Pigmented paraganglioma of the kidney: a case report
© Zhao et al.; licensee BioMed Central Ltd. 2012
Received: 12 April 2012
Accepted: 28 June 2012
Published: 28 June 2012
Paragangliomas are rare neoplasms arising from undifferentiated cells of the primitive neural crest. We report a case of a 57-year-old patient with renal pigmented paraganglioma that was an incidental finding. Histopathological examination showed typical morphology of paraganglioma, as well as the unusual feature of large amounts of pigment in the cytoplasm of the tumor cells which was confirmed by bleached Fontana-Masson. Electron microscopy showed abundant, pleomorphic electron-dense granules consistent with neuromelanin. The tumor cells were positive for CD56 and chromogranin A, negative for HMB-45. The unique morphologic appearance represents divergent differentiation from neural crest. To our knowledge, the present case represents the first example of pigmented paraganglioma of the kidney.
The virtual slide(s) for this article can be found here: http://www.diagnosticpathology.diagnomx.eu/vs/2017147293711495.

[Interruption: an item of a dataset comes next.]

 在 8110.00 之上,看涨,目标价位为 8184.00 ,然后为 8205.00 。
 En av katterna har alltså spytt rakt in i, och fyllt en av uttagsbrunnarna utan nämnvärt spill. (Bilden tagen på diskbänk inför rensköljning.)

Extra-adrenal paraganglia are specialized neural crest-derived cells that are scattered from the base of the skull down to the pelvic floor. Paragangliomas are tumors that arise from chromaffin cells at a variety of anatomic sites. Some of the unusual sites for paragangliomas include the kidney , uterus , and prostate . Pigmented paragangliomas are very rare and less than thirteen cases of pigmented extra-adrenal paraganglioma have been reported in the English literature to date [2, 4–9]. Our case is the first occurring in the kidney.

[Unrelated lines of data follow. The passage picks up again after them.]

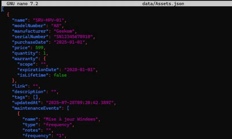 /data/Assets.json: contient l'ensemble des données relatives à vos équipements principaux (assets/actifs)./data/SubAssets.json: enregistre les composants ou sous-éléments associés aux actifs./data/Images: répertoire utilisé pour stocker les photos téléchargées./data/Receipts: répertoire destiné aux justificatifs et factures liés aux actifs./data/config.json: fichier de configuration de l'application, incluant les paramètres de notification.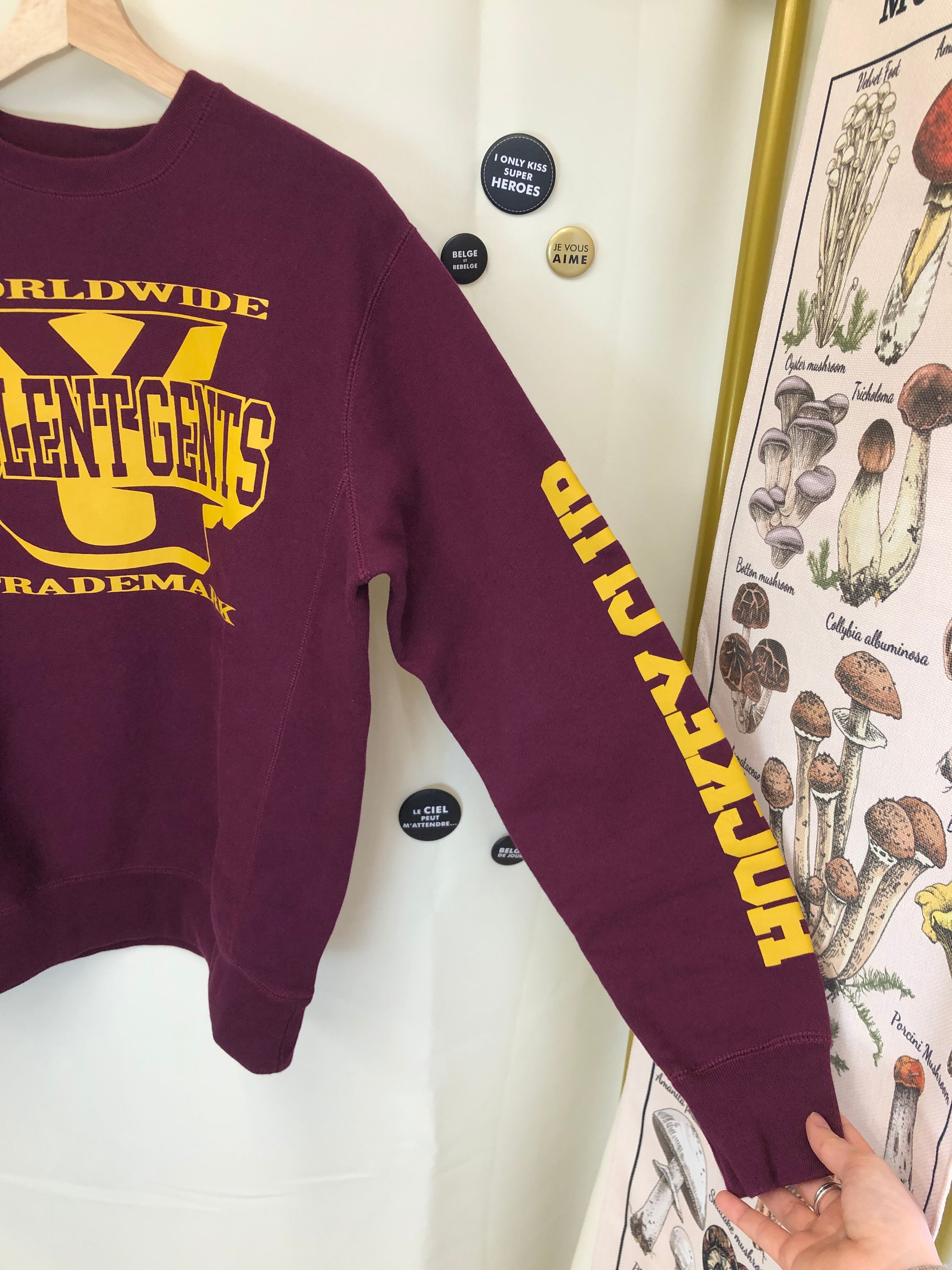 •袖にもプリントが入っているワインレッドのスウェットシャツです◎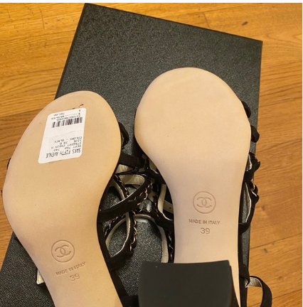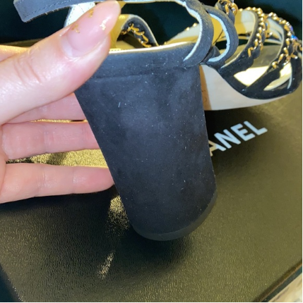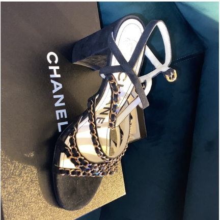 Chanel Black New Kid Suede 19p Strappy Chain Heels

Herein a case of pigmented paraganglioma of the kidney in a 57-year-old man is described. The relevant differential diagnoses and probable histogenesis are discussed.
Materials and methods
The specimen was fixed in a 10% neutral formalin solution and embedded in paraffin. Four micrometer-thick sections were prepared and stained with hematoxylin-eosin (H&E). Masson-Fontana stain (with and without pretreatment by potassium permanganate), Prussian blue, and periodic acid-Schiff (PAS) were also performed. Immunohistochemical staining was done on paraffin-embedded sections with a Polink-1 HRP detection system (Golden Bridge International Inc, Mukilteo, WA). Commercially available prediluted monoclonal antibodies were employed: Pan cytokeratin (Mouse mAb(AE1/AE3); 1:100), vimentin (Mouse mAb (V9); 1:100), CD10 (Mouse mAb(56 C6); 1:100), CD56 (Mouse mAb(56 C04); 1:100), S-100 protein (Mouse mAb(4 C4.9); 1:100), synaptophysin (Rabbit mAb(SP11); 1:100), HMB-45 (Melanosome) (Mouse mAb(HMB45); 1:100), chromogranin A (Rabbit mAb (SP12); 1:100), CK8/18 (Mouse mAb(Zym5.2); 1:100), CD34 (Mouse mAb(BI-3 C5); 1:100), Actin (Smooth muscle) (Mouse mAb(1A4); 1:100), and Ki-67 (Rabbit mAb(SP6); 1:200). All antibodies were obtained from Invitrogen Inc, Carlsbad, Calif except CD56, synaptophysin, chromogranin A, S-100 protein, and Ki-67 which were procured from Lab Vision, Cheshire, UK. The staining procedure followed manufacturer’s instruction. For electron microscopy examination, tissue was retrieved from the paraffin blocks, because glutaraldehyde-fixed material was not available.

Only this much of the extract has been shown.